You always get something (assuming an Org default exists). The cascade hides the details — your Apex code just does getInstance() and gets the right values.

The Setup UI

When you edit a Hierarchy Custom Setting in Setup, you see three sections:

  • Default Organization Level Value — the fallback for everyone.
  • Profile-Level Values — per-profile overrides.
  • User-Level Values — individual-user overrides.

Each user record overrides each profile record overrides the org default.

A worked example

Custom Setting: Trigger_Settings__c with one checkbox Account_Trigger_Enabled__c.
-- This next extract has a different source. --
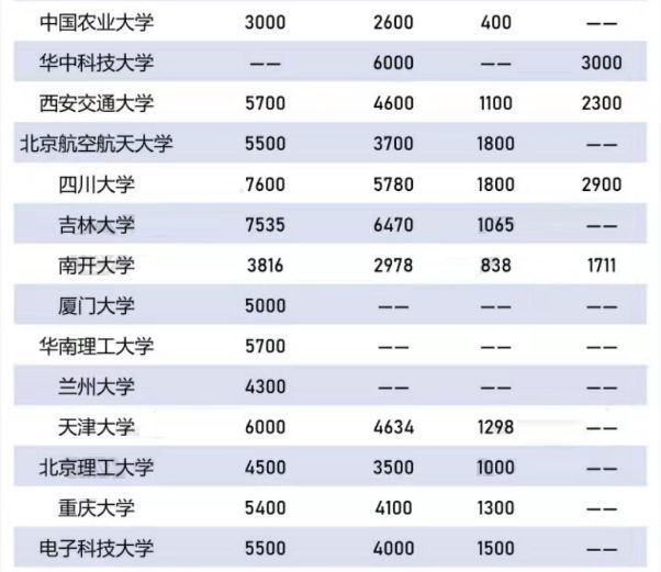 除了大多數(shù)雙一流高校進(jìn)行擴(kuò)招以外,還有廈門(mén)大學(xué)、南京大學(xué)、華南理工大學(xué)等部分高校基本上與去年持平,但這些高校2020年招生計(jì)劃皆已超過(guò)5000人,分別為5000人,5400人和5700人。

  • Org default: Account_Trigger_Enabled__c = true (the default).
  • Profile “Data Loader User”: Account_Trigger_Enabled__c = false (bypass triggers during bulk loads).
  • User vikas@example.com: Account_Trigger_Enabled__c = false (he’s debugging).
Boolean enabled = Trigger_Settings__c.getInstance().Account_Trigger_Enabled__c;
  • If Vikas runs the trigger, enabled = false (user-level wins).
  • If another Data Loader User runs it, enabled = false (profile-level wins).
  • If anyone else runs it, enabled = true (org default).
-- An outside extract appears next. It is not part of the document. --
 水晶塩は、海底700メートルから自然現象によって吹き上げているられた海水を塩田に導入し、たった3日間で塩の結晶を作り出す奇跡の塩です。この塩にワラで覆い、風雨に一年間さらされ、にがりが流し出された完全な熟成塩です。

The three accessor methods

// 1) The resolved value for the running user (uses the cascade)
Trigger_Settings__c mine = Trigger_Settings__c.getInstance();

// 2) Force the org default, ignoring user/profile overrides
Trigger_Settings__c org = Trigger_Settings__c.getOrgDefaults();

// 3) The resolved value for a specific user (uses the cascade for that user)
Trigger_Settings__c other = Trigger_Settings__c.getInstance(someUserId);

getOrgDefaults() is useful in tests, async jobs, and any context where you don’t want individual-user behaviour to leak in.

Use cases

ScenarioWhy hierarchy fits
Feature flags admins can enable per-userPer-user override on top of the org default
Trigger bypass switches while debuggingUser-level toggle without code change
Per-profile thresholds (different teams, different rules)Profile-level override
Region-specific integration endpointsOrg default per environment; per-profile if regional teams need overrides

Common pitfalls

  • Forgetting to seed the org defaultgetInstance() returns an empty record (all nulls) if no default exists. Calling .Account_Trigger_Enabled__c on a null record returns null, not the platform’s idea of “the default true.” Always seed the Org default in deployment scripts.
  • Trying to manage these via apex DML in production with concurrent writes — record locks apply just like any object.
  • Testing in @isTest without seeding the settingTest.startTest() doesn’t auto-populate settings. Insert what you need in @TestSetup.

When NOT to use Hierarchy

  • The config never varies — use Org default only with getOrgDefaults(), or move to Custom Metadata Types.
  • The config is a list of records — use List Custom Settings or Custom Metadata.
  • You need to deploy the records along with the code — switch to Custom Metadata Types.

What interviewers are really looking for

The naming check: User → Profile → Org cascade. The senior signal includes: (1) the three accessors (getInstance(), getOrgDefaults(), getInstance(userId)) and when to use each, (2) SetupOwnerId is the field that decides which level a record belongs to, (3) you must seed the Org default or getInstance() returns a record with null fields, (4) it’s the right tool when admins need to toggle behaviour for individual users without a code change, and the wrong tool when the config is purely static (use Custom Metadata).

Verified against: Salesforce Help — Hierarchy Custom Settings. Last reviewed 2026-05-17.